* Source material *
::::
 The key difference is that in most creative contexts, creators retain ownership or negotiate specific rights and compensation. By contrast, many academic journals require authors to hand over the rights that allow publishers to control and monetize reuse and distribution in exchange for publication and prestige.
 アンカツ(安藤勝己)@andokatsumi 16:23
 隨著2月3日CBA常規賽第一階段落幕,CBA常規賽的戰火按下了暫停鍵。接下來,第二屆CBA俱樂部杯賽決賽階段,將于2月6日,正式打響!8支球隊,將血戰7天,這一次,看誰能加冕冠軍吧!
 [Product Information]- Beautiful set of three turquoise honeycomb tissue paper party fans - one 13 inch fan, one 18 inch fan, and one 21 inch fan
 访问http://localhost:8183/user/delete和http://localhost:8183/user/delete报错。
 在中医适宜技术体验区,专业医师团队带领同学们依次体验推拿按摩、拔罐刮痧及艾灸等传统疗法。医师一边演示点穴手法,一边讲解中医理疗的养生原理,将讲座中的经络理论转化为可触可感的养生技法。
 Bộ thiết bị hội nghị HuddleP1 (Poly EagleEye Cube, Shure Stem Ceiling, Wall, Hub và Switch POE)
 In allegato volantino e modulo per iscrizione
::::
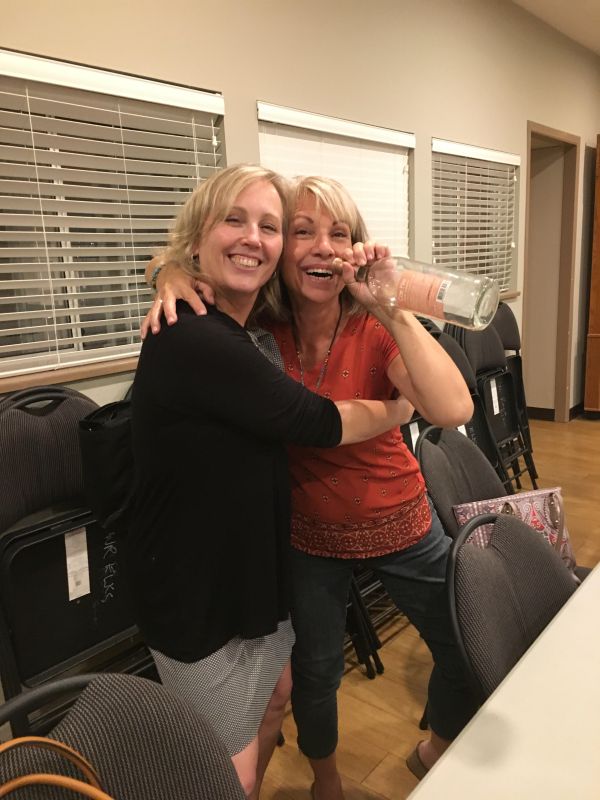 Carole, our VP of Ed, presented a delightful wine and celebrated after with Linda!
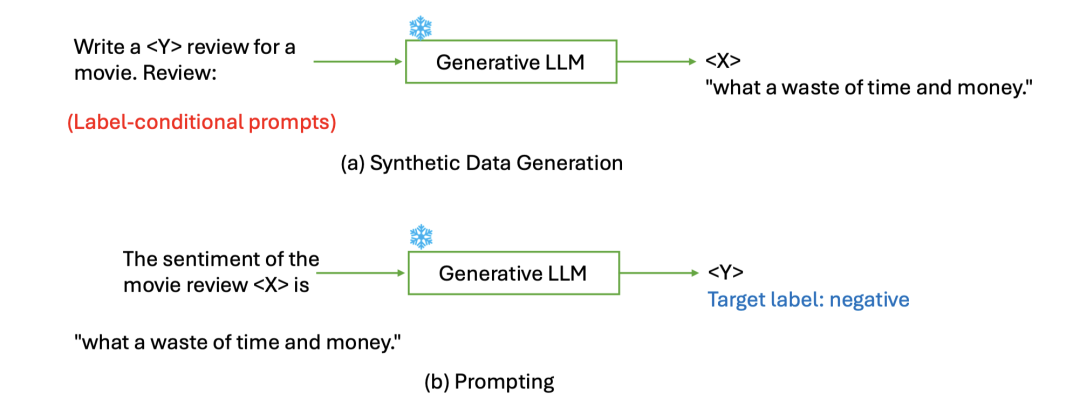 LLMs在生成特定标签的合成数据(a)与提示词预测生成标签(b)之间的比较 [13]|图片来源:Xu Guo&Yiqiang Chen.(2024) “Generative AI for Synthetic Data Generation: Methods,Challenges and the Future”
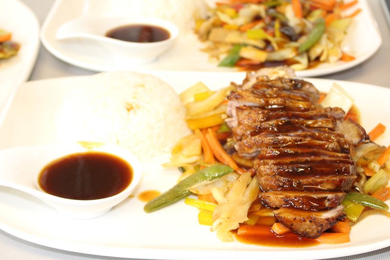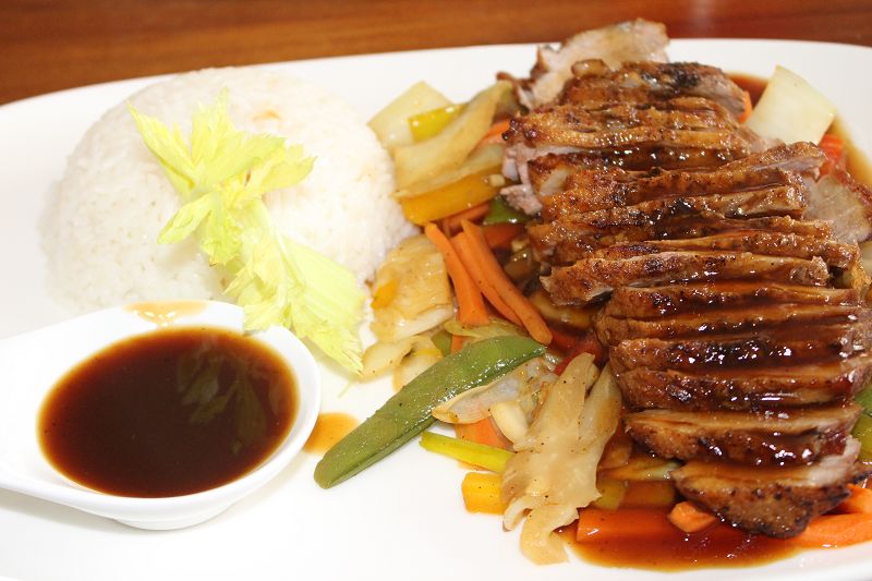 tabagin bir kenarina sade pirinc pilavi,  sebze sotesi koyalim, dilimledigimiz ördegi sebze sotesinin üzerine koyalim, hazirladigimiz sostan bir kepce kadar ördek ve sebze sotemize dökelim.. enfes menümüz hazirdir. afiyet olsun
::::
* Task to complete *
Nothing but the lines above from the one containing "アンカツ(安藤勝己)@andokatsumi 16:23" through the one containing "隨著2月3日CBA常規賽第一" should appear in the answer, each repeated exactly.

* Task solution *
 アンカツ(安藤勝己)@andokatsumi 16:23
 隨著2月3日CBA常規賽第一階段落幕,CBA常規賽的戰火按下了暫停鍵。接下來,第二屆CBA俱樂部杯賽決賽階段,將于2月6日,正式打響!8支球隊,將血戰7天,這一次,看誰能加冕冠軍吧!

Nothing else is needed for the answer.